In an action to recover damages for personal injuries, the plaintiff appeals from a judgment of the Supreme Court, Queens County (Huttner, J.), entered February 23, 2004, which, upon the granting of the defendant’s motion pursuant to CPLR 4401 *477for judgment as a matter of law made at the close of the plaintiffs case, dismissed the complaint.
Ordered that the judgment is affirmed, with costs.
Contrary to the plaintiff’s contention, it was a provident exercise of discretion to preclude the admission into evidence of magnetic resonance imaging films in fight of the plaintiffs failure to comply with the requirements of CPLR 4532-a and 22 NYCRR 202.17 (see Neils v Darmochwal, 6 AD3d 589 [2004]; Jemmott v Lazofsky, 5 AD3d 558 [2004]; Wagman v Bradshaw, 292 AD2d 84 [2002]; Grassi v Carolina Barbeque, 254 AD2d 38 [1998]).

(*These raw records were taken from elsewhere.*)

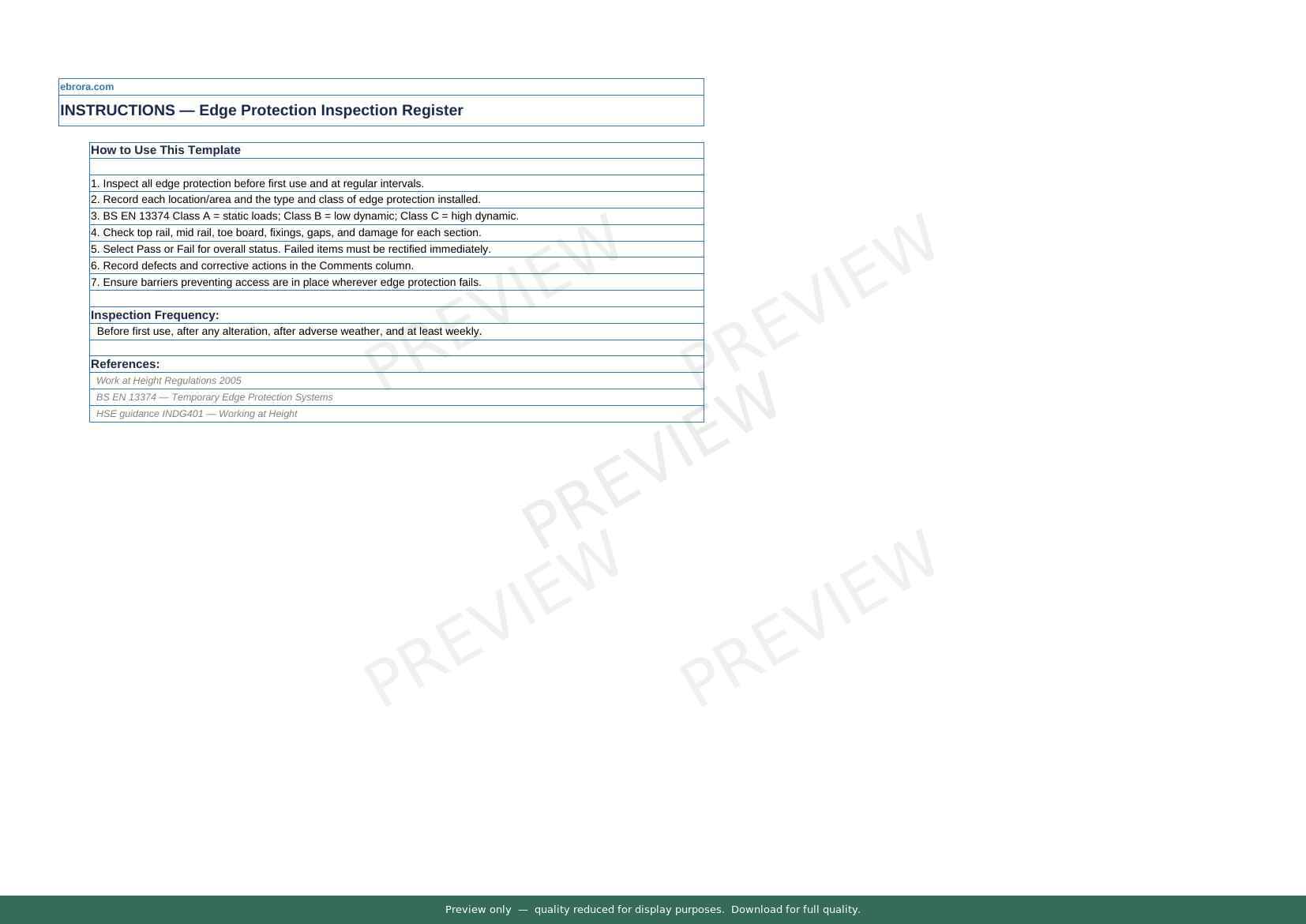 Free Excel template: Edge Protection Inspection Register. Download for UK construction sites.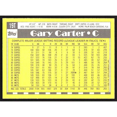 This is a 1990 Topps Traded Gary Carter baseball card. The card is #19T and pictures show condition.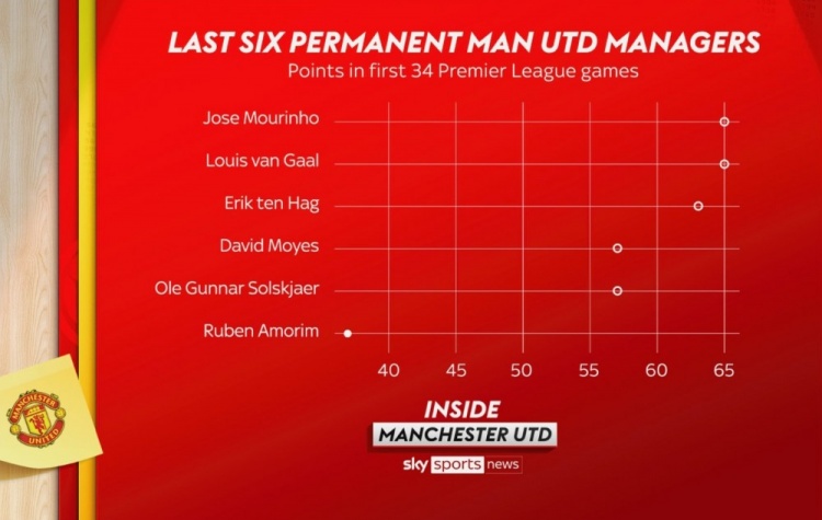 10月9日讯 加盟曼联以来,阿莫林依然率队踢了34场英超比赛,但他的捏教弘扬远远没能达到外界的祈望。左证太空体育的数据统计,阿莫林前34场英超比赛只是拿到37分,低于之前数位曼联主帅所拿到的积分。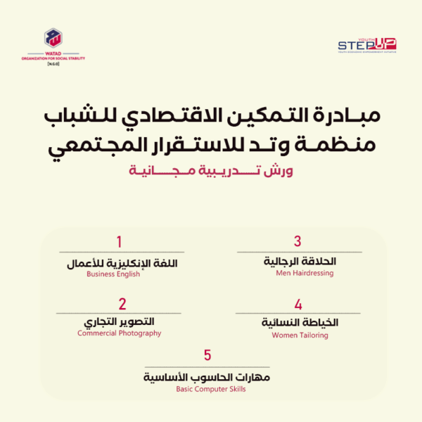 ورشة التصوير التجاريPro.int3rnet@gmail.com2023-03-05تعلن منظمة وتــد للأستقرار المجتمعـي ضمن برنامج Step Up Youth عن فتح باب التسجيل في ورشة التصوير التجاري . محاور ... قراءة المزيد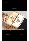Correa de Goma Curvada Marrón con Cierre Plegable de Acero chapado en Oro Rosado completada con Marcas y grabados Patek Philippe. Un Cierre Muy Actualizado para esta serie con marcas/grabados mucho más precisas.

The plaintiffs additional contention that the trial court erred in granting the defendant’s motion for judgment as a matter of law at the close of the plaintiff’s case is without merit. There was no evidence of causation (see Andre v Seem, 234 AD2d 325 [1996]; cf. Bonner v Hill, 302 AD2d 544, 545 [2003]), and there was insufficient evidence that the plaintiff sustained a serious injury (see Insurance Law § 5102 [d]). Florio, J.P., Krausman, Townes, Mastro and Fisher, JJ., concur.